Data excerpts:
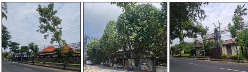
a. Foto lanskap 1
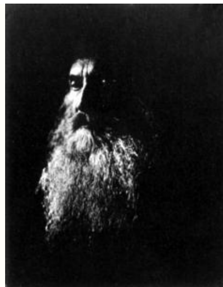
Slika 7. M.J.Cameron: H.Taylor 1865. [7]
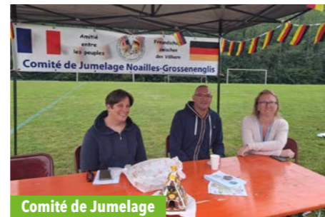
Comité de Jumelage
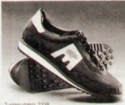
Tuotenumero: 2338 UUTUUS NAVY STAR

Ilmatynny™ Karhujen valikoimista löytyy jalkine jokaiseen käyttötarkoitukseen, erilaisille alustoille, maastojuoksuun, vapaa-aikaan. Muista että vain Karhu-harjoitus- ja valmennusjalkineissa on Ilmatynny™.
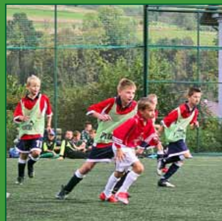
Halny Kamienica w meczu z Zakopaniem
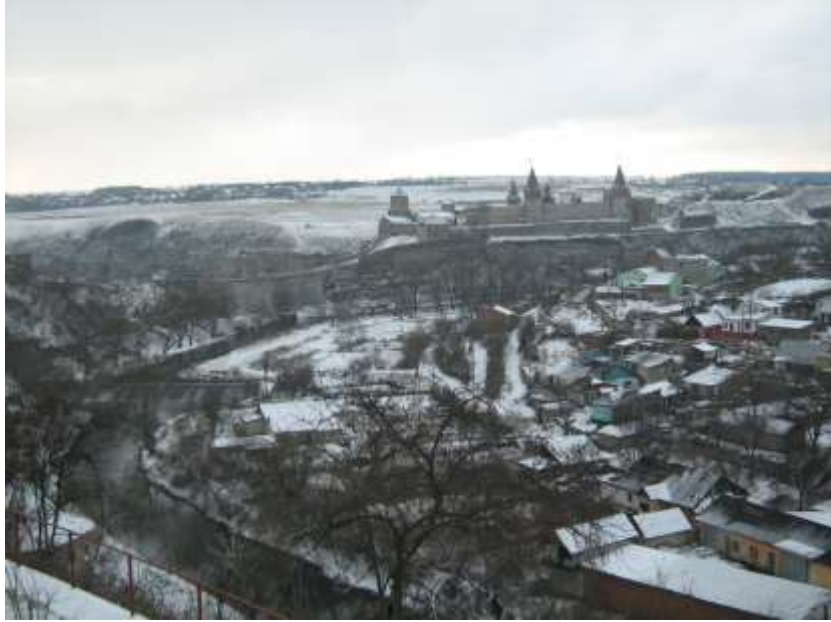
Вид на Старий замок та Польські фільварки зі сходу.

Оминаючи мальовничі товтри, прохолодного ранку потяг «Київ – Кам'янець-Подільський» підкочується до залізничних воріт «перлини Поділля».
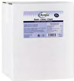
OLY100 CREME TOPCHEF 20% MG BIB 10L OLYMPIA
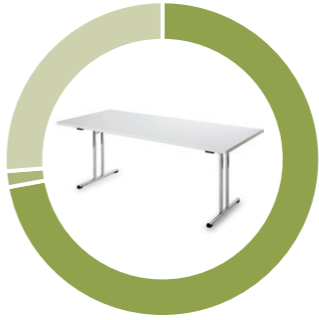
Classification par cycles
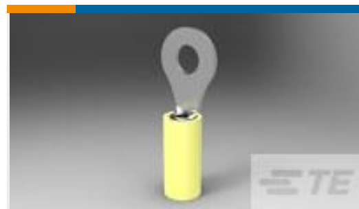
TE 产品编号2-35149-1 TERMINAL,PIDG R 12-10 6
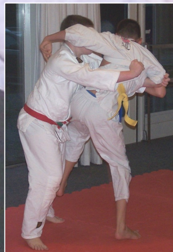
Leuke lessen met De Schakel en de buitenschoolse opvang
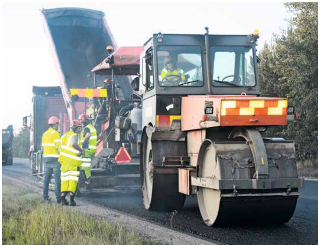
Asfaltti jyrätään lopuksi täysin tasaiseksi matkustuselämykseksi. Jyrän puikoissa Sirpa Flyktman.
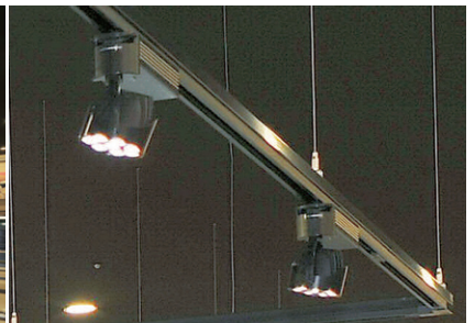
LEDスポットライトは天井から吊下げたライティングレールに設置し、指向性のある光で商品を集中的に照射
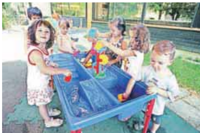
Zabaven vodni kotiček v vrtcu na Plavžu

Od 660 malčkov, ki obiskujejo Vrtec Jesenice, jih je bilo tudi med poletnimi počitnicami v vrtcu okrog 150. Odprti sta bili dve enoti vrtca, na Plavžu in na Koroški Beli. Zaposleni v vrtcu so poskrbeli, da so se otroci tudi v vročih poletnih dneh imeli lepo. Tako so jim na vrtčevskem igrišču na Plavžu postavili indijansko vas s šotorčki in uredili vodne koticke, v katerih so se otroci zabavali z vodo. Vzgojiteljice so v najbolj vročih dneh otroke odpeljale tudi v gozd in k potoku, da so laže prenašali vročino. Podobno so v vrtcu na Koroški Beli poletje izkoristili za igre z vodo, veliko petja, plesa in smeha. U. P.
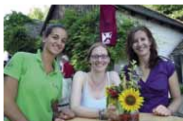
Kunst & Wein in Haugsdorf 25 und 26. August
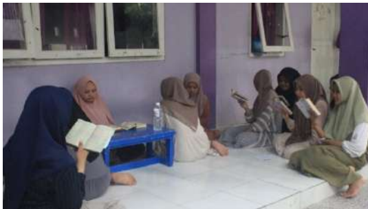
Gambar 4: Prosesi setoran bil ghaib dan menghafal Qur'an

menghafal Al-Qur'an santri. Melalui pembiasaan membaca Al-Qur'an secara langsung di hadapan asatidz, santri mampu memperbaiki ketepatan bacaan sehingga kesalahan tajwid dan makharijul huruf dapat diminimalkan secara bertahap.
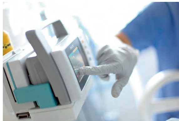
Дополнительный модуль Philips X2/MP2 Battery Extension позволяет увеличить время работы от аккумулятора вплоть до шести часов для внутрибольничной перевозки пациента с сопутствующим измерением CO 2 и дополнительным инвазивным измерением артериального давления и температуры.

# Assignment
Omitting all pictures, restate word for word the lines from the one containing "Оминаючи мальовничі товтри, прохолодного" through the last line of the data.

# Response for this exercise
Оминаючи мальовничі товтри, прохолодного ранку потяг «Київ – Кам'янець-Подільський» підкочується до залізничних воріт «перлини Поділля».
OLY100 CREME TOPCHEF 20% MG BIB 10L OLYMPIA
Classification par cycles
TE 产品编号2-35149-1 TERMINAL,PIDG R 12-10 6
Leuke lessen met De Schakel en de buitenschoolse opvang
Asfaltti jyrätään lopuksi täysin tasaiseksi matkustuselämykseksi. Jyrän puikoissa Sirpa Flyktman.
LEDスポットライトは天井から吊下げたライティングレールに設置し、指向性のある光で商品を集中的に照射
Zabaven vodni kotiček v vrtcu na Plavžu

Od 660 malčkov, ki obiskujejo Vrtec Jesenice, jih je bilo tudi med poletnimi počitnicami v vrtcu okrog 150. Odprti sta bili dve enoti vrtca, na Plavžu in na Koroški Beli. Zaposleni v vrtcu so poskrbeli, da so se otroci tudi v vročih poletnih dneh imeli lepo. Tako so jim na vrtčevskem igrišču na Plavžu postavili indijansko vas s šotorčki in uredili vodne koticke, v katerih so se otroci zabavali z vodo. Vzgojiteljice so v najbolj vročih dneh otroke odpeljale tudi v gozd in k potoku, da so laže prenašali vročino. Podobno so v vrtcu na Koroški Beli poletje izkoristili za igre z vodo, veliko petja, plesa in smeha. U. P.
Kunst & Wein in Haugsdorf 25 und 26. August
Gambar 4: Prosesi setoran bil ghaib dan menghafal Qur'an

menghafal Al-Qur'an santri. Melalui pembiasaan membaca Al-Qur'an secara langsung di hadapan asatidz, santri mampu memperbaiki ketepatan bacaan sehingga kesalahan tajwid dan makharijul huruf dapat diminimalkan secara bertahap.
Дополнительный модуль Philips X2/MP2 Battery Extension позволяет увеличить время работы от аккумулятора вплоть до шести часов для внутрибольничной перевозки пациента с сопутствующим измерением CO 2 и дополнительным инвазивным измерением артериального давления и температуры.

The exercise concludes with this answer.